* _Excerpted data_
◇ ◇ ◇ ◇ ◇

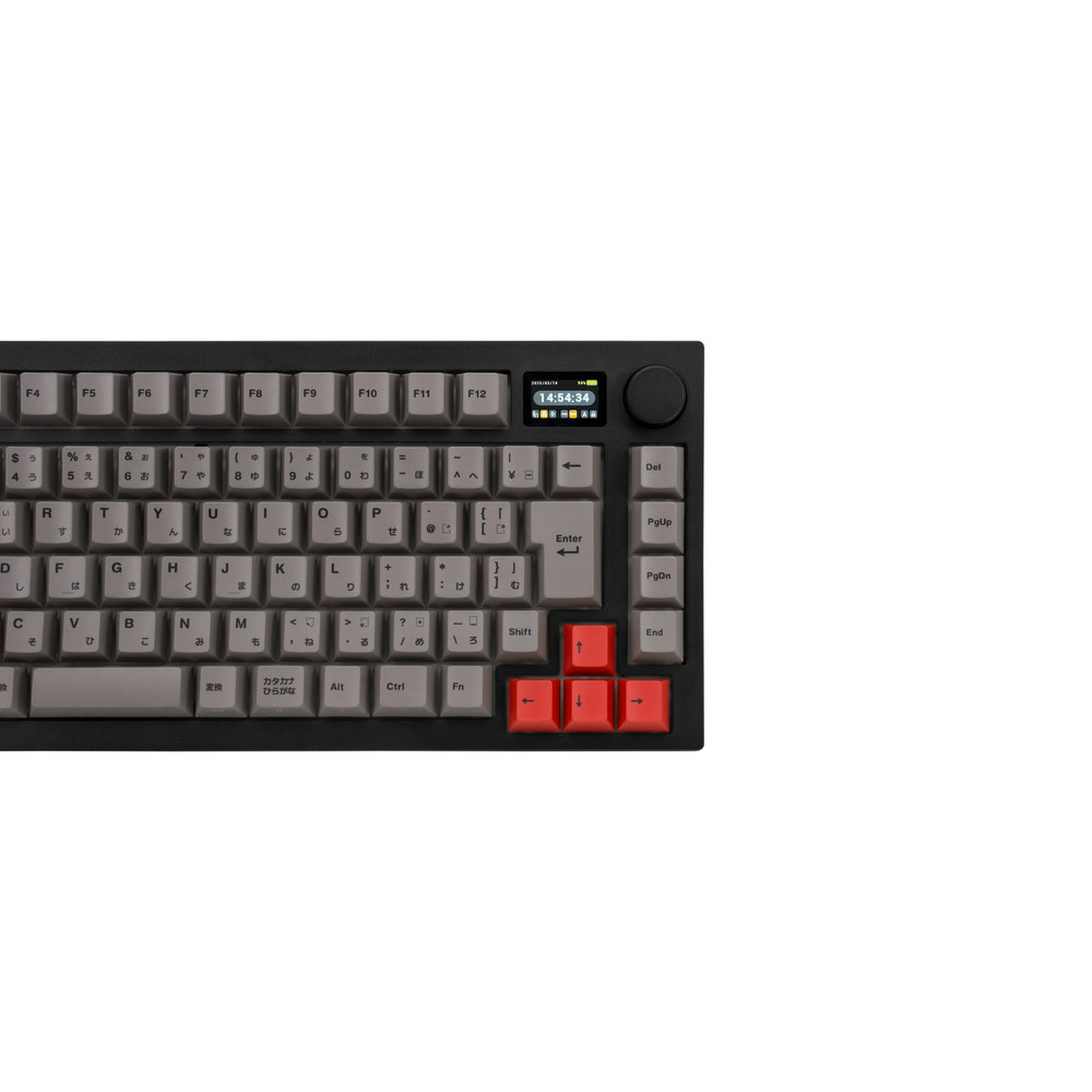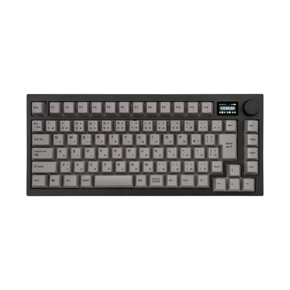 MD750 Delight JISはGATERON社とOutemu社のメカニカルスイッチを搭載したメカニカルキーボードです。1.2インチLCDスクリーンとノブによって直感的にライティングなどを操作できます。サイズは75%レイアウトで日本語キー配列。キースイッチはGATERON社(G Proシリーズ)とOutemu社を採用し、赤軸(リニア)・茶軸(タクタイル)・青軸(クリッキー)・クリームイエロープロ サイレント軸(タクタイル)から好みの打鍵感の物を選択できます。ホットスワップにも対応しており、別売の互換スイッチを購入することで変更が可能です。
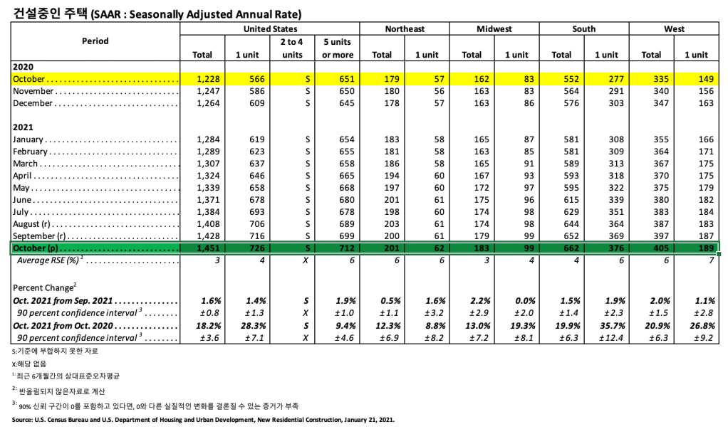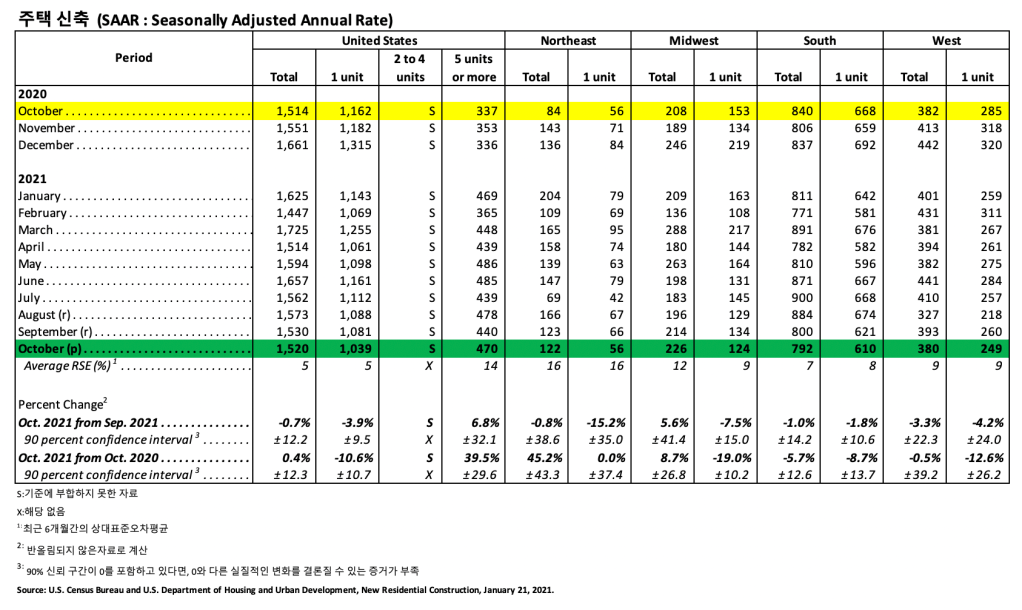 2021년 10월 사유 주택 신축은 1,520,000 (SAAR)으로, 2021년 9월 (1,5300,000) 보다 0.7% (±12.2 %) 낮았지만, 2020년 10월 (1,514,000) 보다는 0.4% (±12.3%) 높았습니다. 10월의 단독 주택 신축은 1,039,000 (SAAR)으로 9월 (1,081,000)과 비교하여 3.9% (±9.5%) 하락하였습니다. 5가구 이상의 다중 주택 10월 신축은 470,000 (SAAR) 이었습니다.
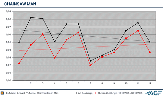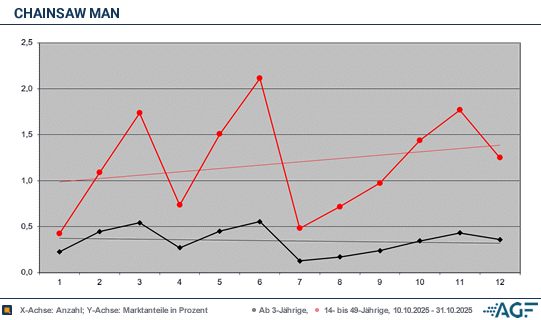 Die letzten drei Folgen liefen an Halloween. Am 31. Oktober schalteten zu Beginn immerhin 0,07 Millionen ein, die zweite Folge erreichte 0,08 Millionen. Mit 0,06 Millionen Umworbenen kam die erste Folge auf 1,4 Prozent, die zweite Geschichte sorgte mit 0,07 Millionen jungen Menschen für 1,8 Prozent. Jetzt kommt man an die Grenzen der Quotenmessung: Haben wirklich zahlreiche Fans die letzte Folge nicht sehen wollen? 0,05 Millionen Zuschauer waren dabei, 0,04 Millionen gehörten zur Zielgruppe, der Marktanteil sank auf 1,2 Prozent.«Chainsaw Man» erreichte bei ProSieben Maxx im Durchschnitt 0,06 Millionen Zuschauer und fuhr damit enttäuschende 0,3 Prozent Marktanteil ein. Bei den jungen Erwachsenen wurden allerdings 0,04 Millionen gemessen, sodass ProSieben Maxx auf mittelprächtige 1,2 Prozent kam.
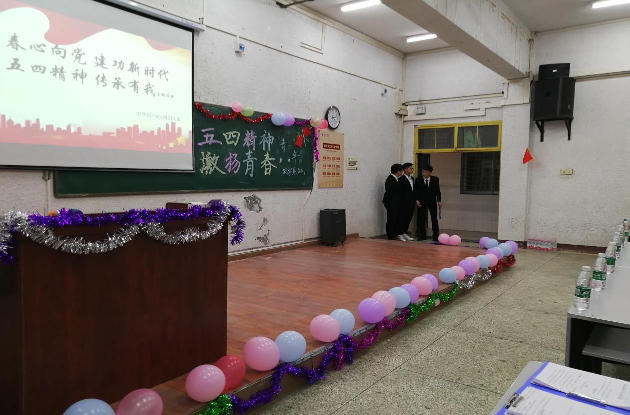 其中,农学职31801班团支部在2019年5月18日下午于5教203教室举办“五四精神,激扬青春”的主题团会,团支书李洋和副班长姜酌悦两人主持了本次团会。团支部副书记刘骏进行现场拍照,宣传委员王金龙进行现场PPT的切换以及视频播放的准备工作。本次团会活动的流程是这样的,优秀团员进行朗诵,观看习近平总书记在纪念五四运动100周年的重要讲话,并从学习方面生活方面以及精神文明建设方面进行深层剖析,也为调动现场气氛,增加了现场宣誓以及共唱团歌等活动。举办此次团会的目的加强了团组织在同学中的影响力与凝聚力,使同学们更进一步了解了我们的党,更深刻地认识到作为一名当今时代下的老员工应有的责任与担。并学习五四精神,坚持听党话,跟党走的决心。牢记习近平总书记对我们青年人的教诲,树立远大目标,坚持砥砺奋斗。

◇ ◇ ◇ ◇ ◇

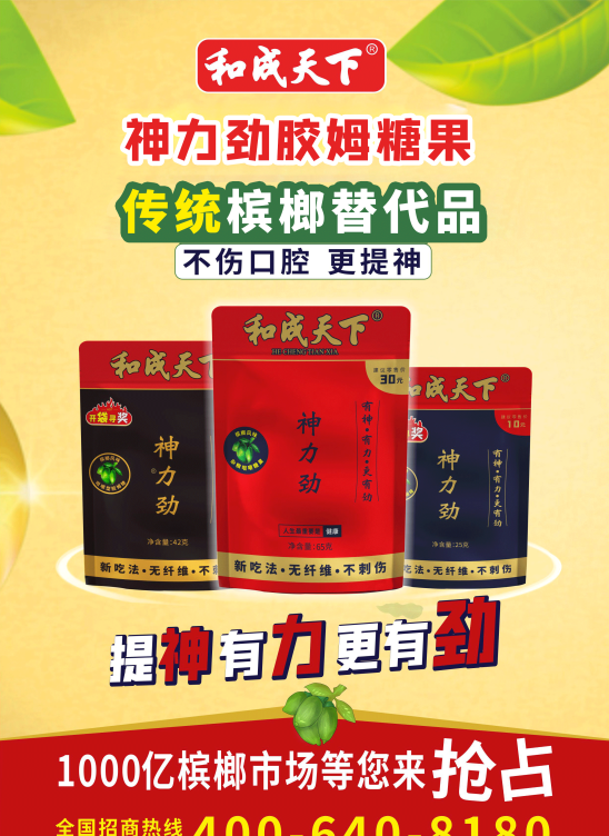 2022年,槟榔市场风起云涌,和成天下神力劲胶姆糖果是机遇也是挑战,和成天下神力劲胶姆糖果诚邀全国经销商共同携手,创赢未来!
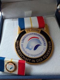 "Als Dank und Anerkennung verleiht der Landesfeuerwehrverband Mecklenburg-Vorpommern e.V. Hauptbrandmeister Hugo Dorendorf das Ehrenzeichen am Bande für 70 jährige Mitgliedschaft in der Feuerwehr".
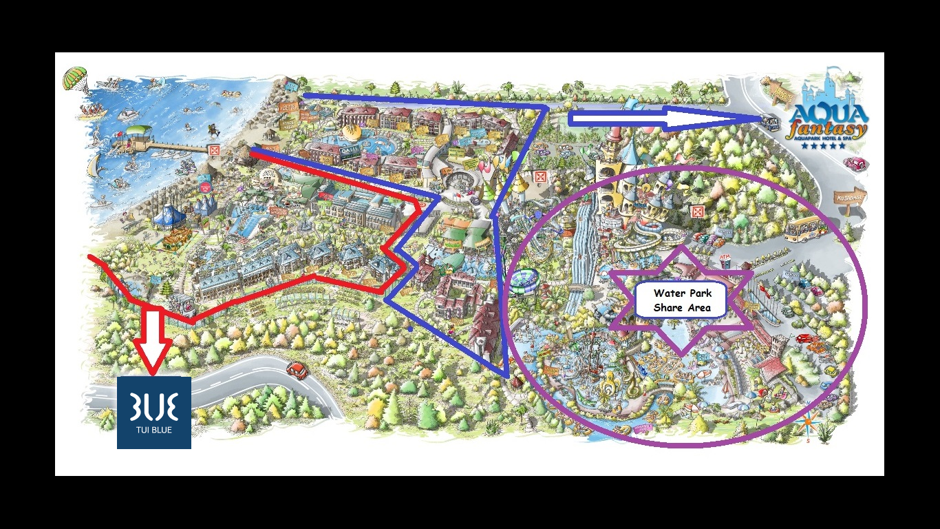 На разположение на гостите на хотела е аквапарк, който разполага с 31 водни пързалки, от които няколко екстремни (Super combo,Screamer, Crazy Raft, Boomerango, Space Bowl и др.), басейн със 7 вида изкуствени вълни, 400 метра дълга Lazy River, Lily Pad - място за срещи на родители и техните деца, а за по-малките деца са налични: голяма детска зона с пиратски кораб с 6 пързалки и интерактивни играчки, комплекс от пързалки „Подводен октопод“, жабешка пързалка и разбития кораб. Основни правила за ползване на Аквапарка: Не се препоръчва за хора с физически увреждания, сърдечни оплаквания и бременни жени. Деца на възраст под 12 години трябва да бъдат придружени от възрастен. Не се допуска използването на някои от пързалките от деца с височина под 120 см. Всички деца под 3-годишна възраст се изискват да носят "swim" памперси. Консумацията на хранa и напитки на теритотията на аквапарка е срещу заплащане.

◇ ◇ ◇ ◇ ◇

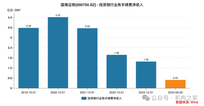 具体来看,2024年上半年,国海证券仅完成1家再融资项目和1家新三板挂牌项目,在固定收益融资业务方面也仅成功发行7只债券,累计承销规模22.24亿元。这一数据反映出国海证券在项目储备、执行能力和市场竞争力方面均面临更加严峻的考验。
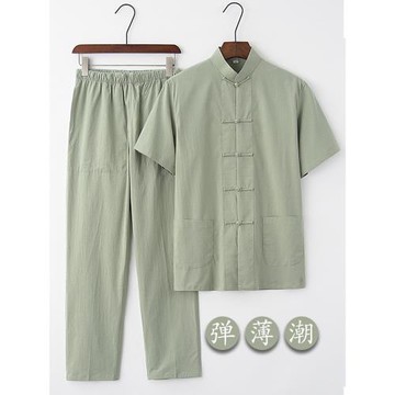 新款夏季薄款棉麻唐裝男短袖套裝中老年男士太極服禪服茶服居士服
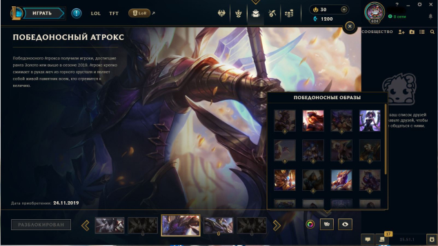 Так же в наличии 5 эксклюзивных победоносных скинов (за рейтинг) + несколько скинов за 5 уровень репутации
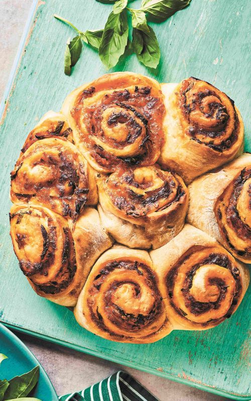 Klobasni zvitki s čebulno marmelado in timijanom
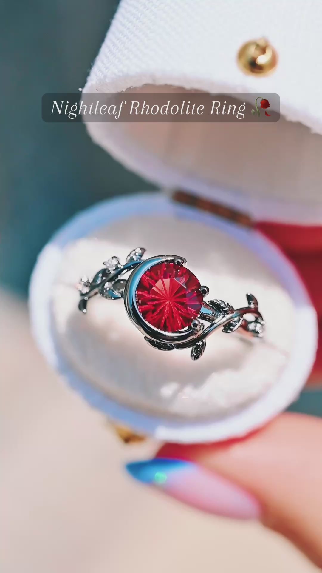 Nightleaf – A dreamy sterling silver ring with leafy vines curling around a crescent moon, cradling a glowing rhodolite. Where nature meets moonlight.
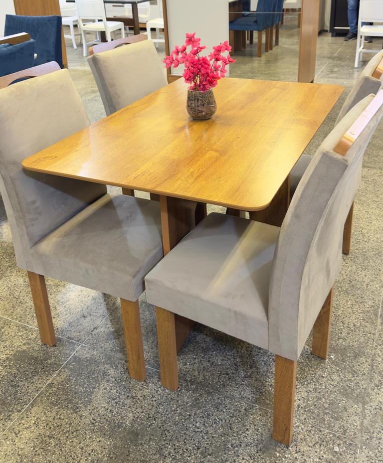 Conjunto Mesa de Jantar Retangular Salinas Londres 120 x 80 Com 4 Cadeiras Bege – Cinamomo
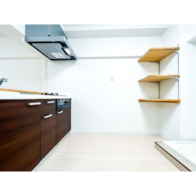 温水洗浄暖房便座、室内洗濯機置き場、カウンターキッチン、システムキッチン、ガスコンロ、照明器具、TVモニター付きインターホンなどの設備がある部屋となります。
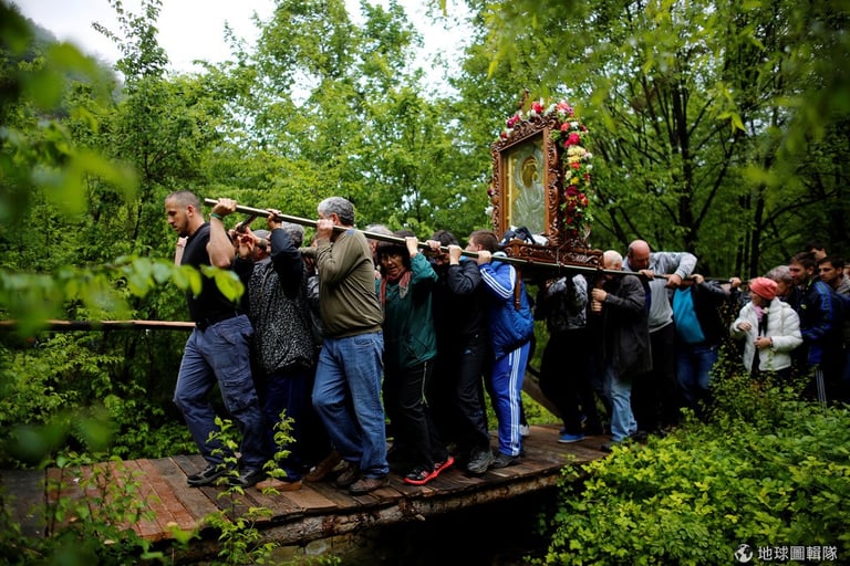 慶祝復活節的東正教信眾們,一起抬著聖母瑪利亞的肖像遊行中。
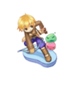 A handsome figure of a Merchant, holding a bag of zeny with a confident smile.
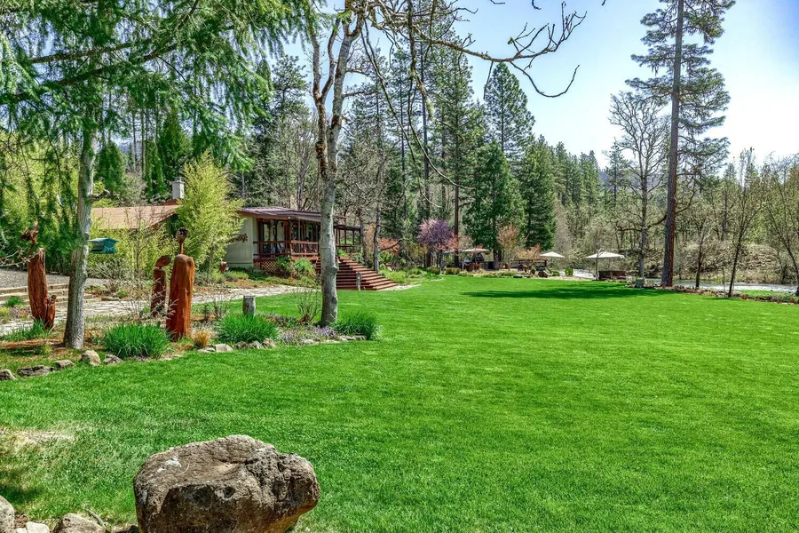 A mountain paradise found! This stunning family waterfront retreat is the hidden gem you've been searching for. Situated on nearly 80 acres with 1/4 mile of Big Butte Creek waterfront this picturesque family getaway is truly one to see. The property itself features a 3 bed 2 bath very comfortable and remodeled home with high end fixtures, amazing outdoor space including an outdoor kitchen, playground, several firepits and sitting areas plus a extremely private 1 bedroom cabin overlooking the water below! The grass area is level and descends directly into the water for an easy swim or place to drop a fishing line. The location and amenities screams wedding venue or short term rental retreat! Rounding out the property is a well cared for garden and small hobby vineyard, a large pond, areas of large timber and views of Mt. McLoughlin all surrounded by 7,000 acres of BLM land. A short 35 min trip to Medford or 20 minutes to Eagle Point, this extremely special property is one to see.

◇ ◇ ◇ ◇ ◇

* _Assignment_
Only the lines above from the one containing "2022年,槟榔市场风起云涌" through the one containing "Dank und Anerkennung" should be returned, verbatim and inclusive, with pictures excluded.

* _Exercise result_
 2022年,槟榔市场风起云涌,和成天下神力劲胶姆糖果是机遇也是挑战,和成天下神力劲胶姆糖果诚邀全国经销商共同携手,创赢未来!
 "Als Dank und Anerkennung verleiht der Landesfeuerwehrverband Mecklenburg-Vorpommern e.V. Hauptbrandmeister Hugo Dorendorf das Ehrenzeichen am Bande für 70 jährige Mitgliedschaft in der Feuerwehr".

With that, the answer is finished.